14. That that is so is clear from the Explanation to section 7(2) which says that the interest of a Hindu in the kutumba or kavaru which devolves by testamentary or intestate succession under sub-section (2) of that section is the share in the property which would have been allotted to the deceased if a partition of that property per capita had been made immediately before his or her death among all the members of the kutumba or kavaru, as the case may be and not the share which could have been claimed under the Aliyasantana law. The argument constructed on its provision was that since what passes under section 6 of the Estate Duty Act is the property which Gummanna Shetty was competent to dispose of, and what he was competent to so dispose of is the share at a partition had one been made immediately before his death on a per capita basis, the estate duty was exigible only in respect of the sixth share in the family property which is the share which could have been so allotted to him.
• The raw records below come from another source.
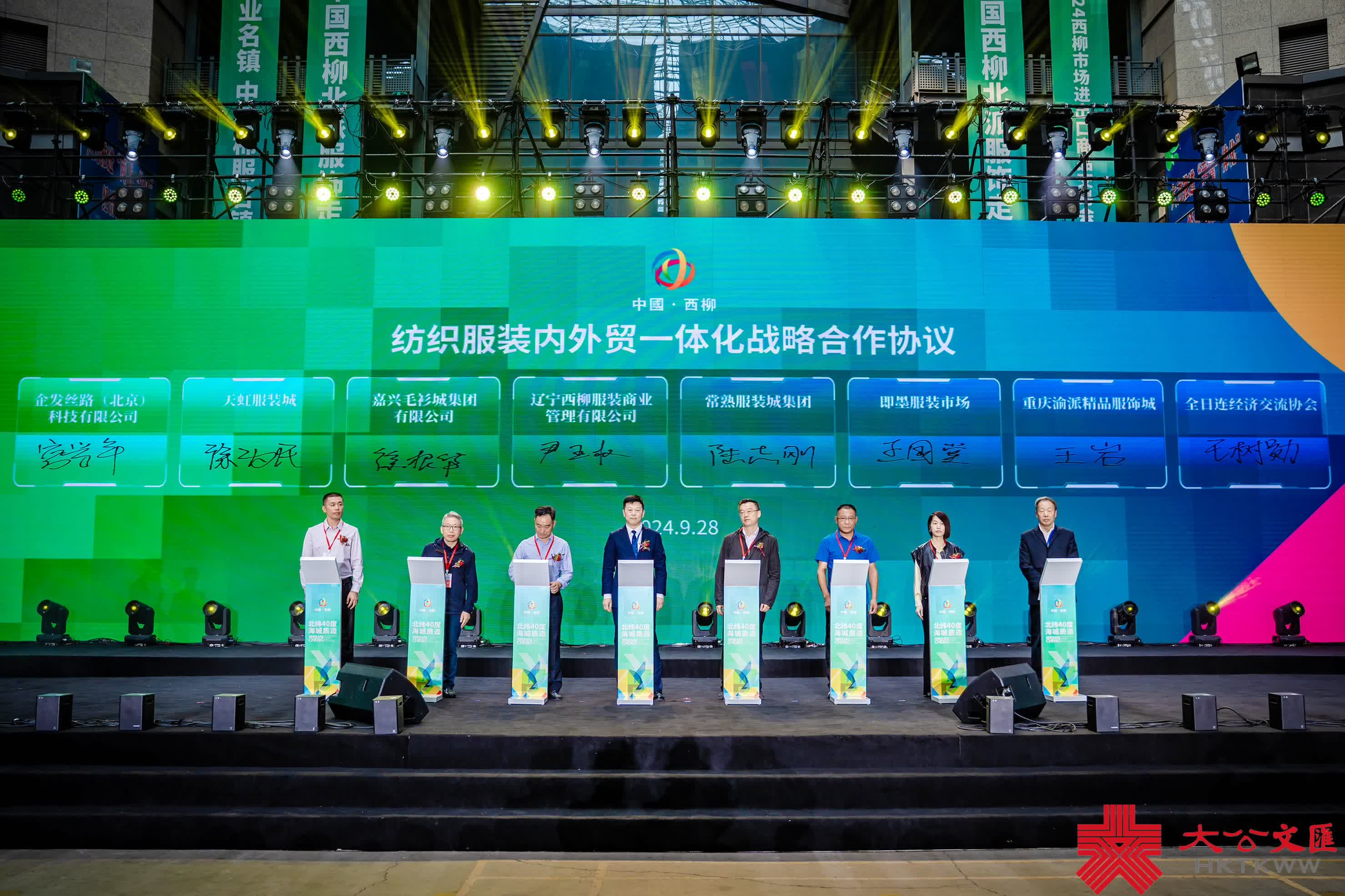 開幕式上,遼寧西柳服裝商業管理有限公司、常熟服裝城集團、嘉興毛衫城集團、即墨服裝市場、天虹服裝城、重慶渝派精品服飾城、企髮絲路(北京)科技有限公司、全日連經濟交流協會等共同簽署《紡織服裝內外貿一體化戰略合作協議》。海城市政府還與新興際華(北京)材料技術研究院簽訂戰略合作協議,就未來共同推進西柳紡織材料供應鏈的創新與發展達成戰略意向。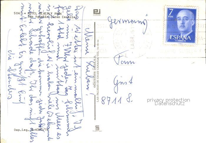 old postcard San Agustin Gran Canaria Hotel Beverly Park postalisch gelaufen Erhaltung siehe scans
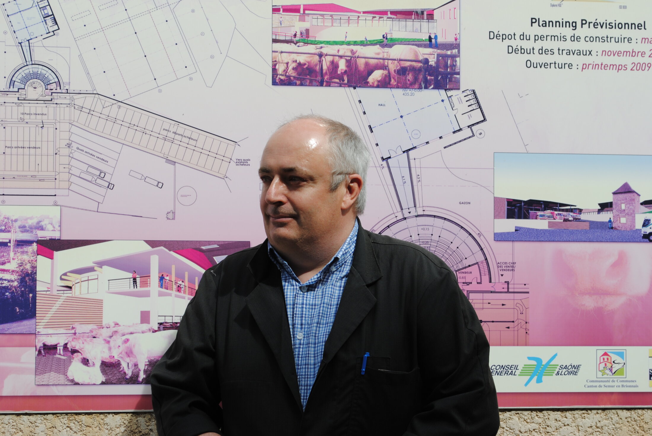 Enfermé dans une petite cage de verre, installée sur le coté gauche du ring, Jérémy Sauvant est le crieur du marché. Il débite à la vitesse de l'éclair les informations essentielles des bêtes qui défilent sous ses yeux : poids, âge, prix provenance. En moins de 30 secondes l'affaire est pliée, les animaux vendus sont poussés vers la sortie.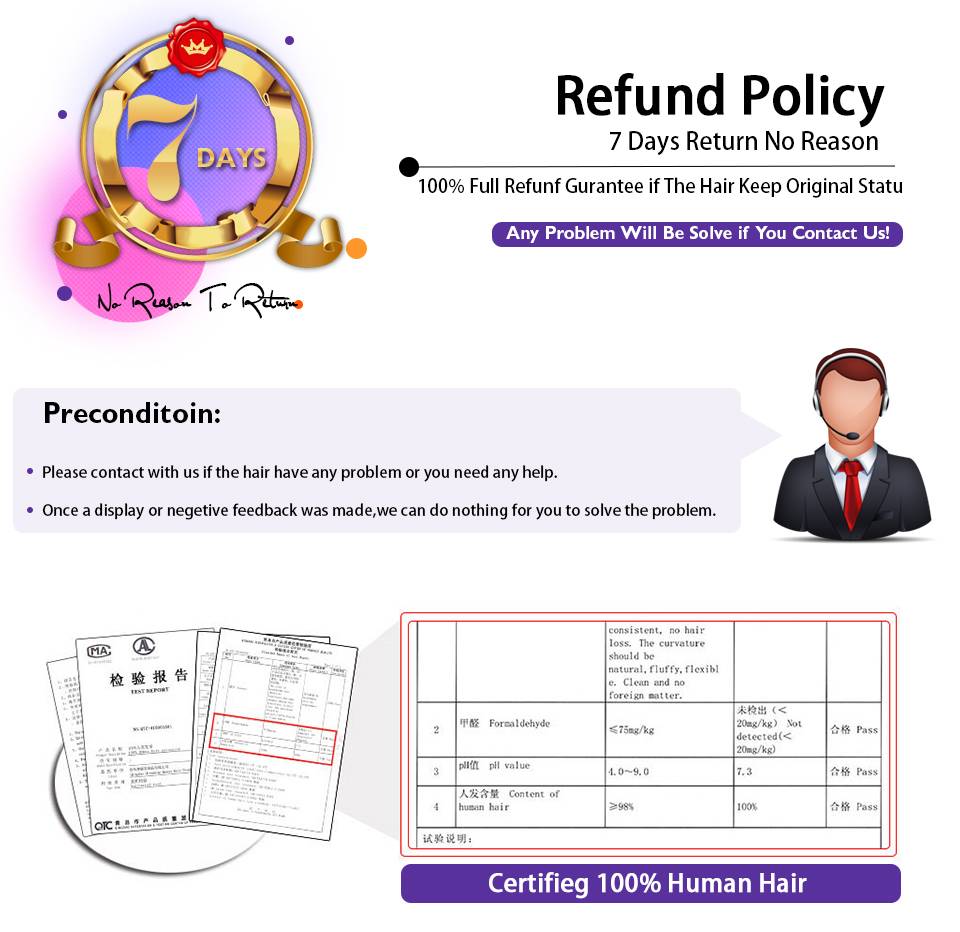 Refund Policy We provide "no reason to return" ,100% full refund gurantee if the hair keep original status .Any Problem Will Be Solved If You Contact Us. Precondions :please contact us if hair has any probelm or you need any help .once a display or negetive feedback was made ,we can do nothing for you to solve the problem .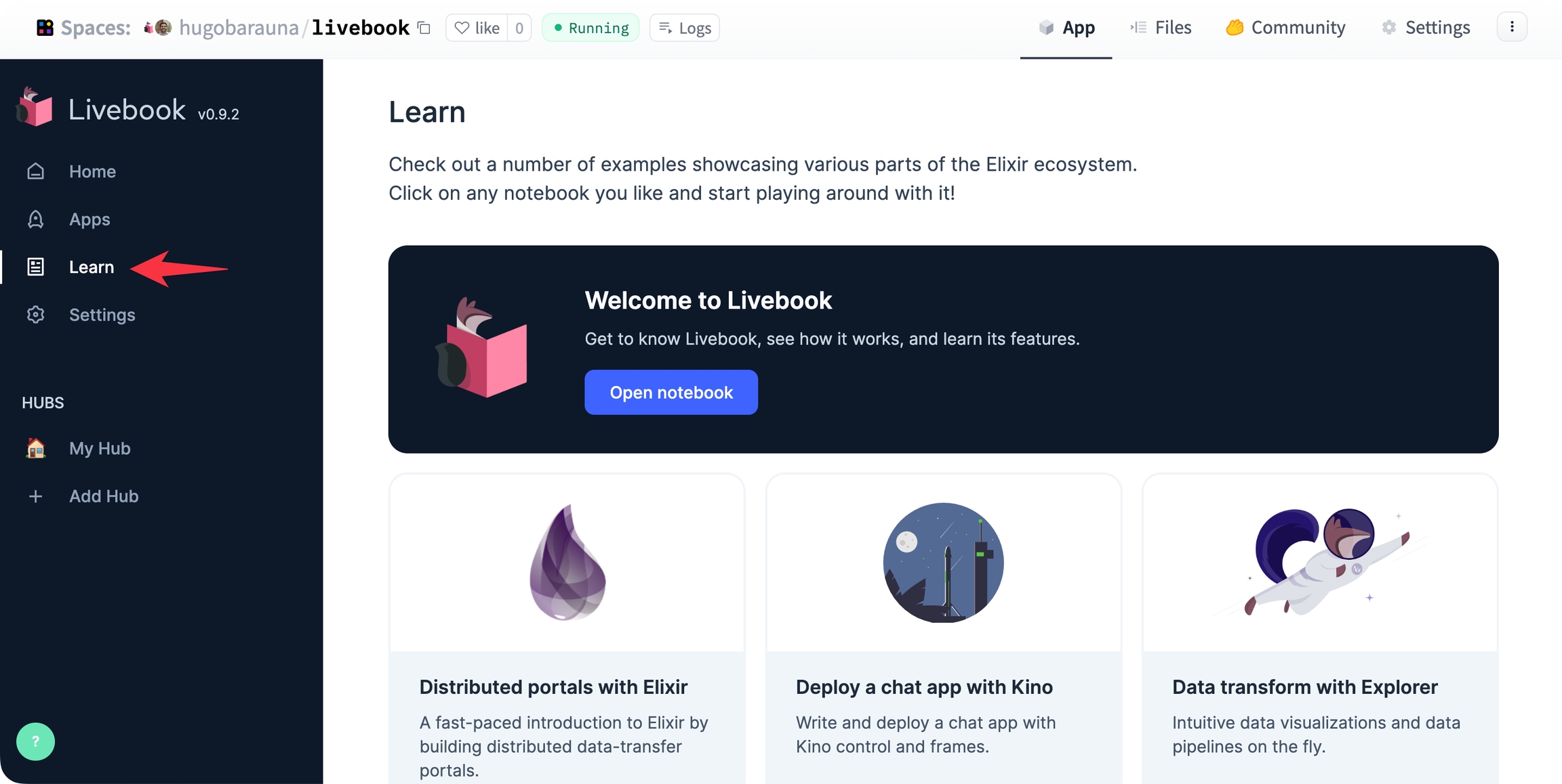If this is your first time using Livebook, you can learn how to use it with its interactive notebooks within Livebook itself:

15. But the Assistant Controller proceeded to make his assessment not merely under section 6 of the Estate Duty Act but also under section 7(1) read with section 39. As explained on his behalf by Mr. Rajasekhara Murthy, appearing for the department, two consequences ensued when Gummanna Shetty died, one of which was the passing of the property to the extent of a sixth share under section 6 to his wife and children by the process of inheritance, and the other was the cesser of an interest with respect to the remaining sixth share under section 7(1) of the Act. Although the Assistant Controller did not in the course of his order in so many words depend upon section 6, Mr. Rajasekhara Murthy at one stage during the argument attempted to defend the order of assessment both under section 6 and under section 7, although his principal endeavour was to maintain the order solely on the basis of section 7. We were asked to say that, since Gummanna Shetty during his lifetime could have demanded a partition of the Aliyasantana family property under the provisions of the Aliyasantana Act and if that partition had been made immediately before his death, he would have been allotted a third share in that property, the value of that third share is the value of interest of which there was a cesser within the meaning of section 7(1) of the Estate Duty Act.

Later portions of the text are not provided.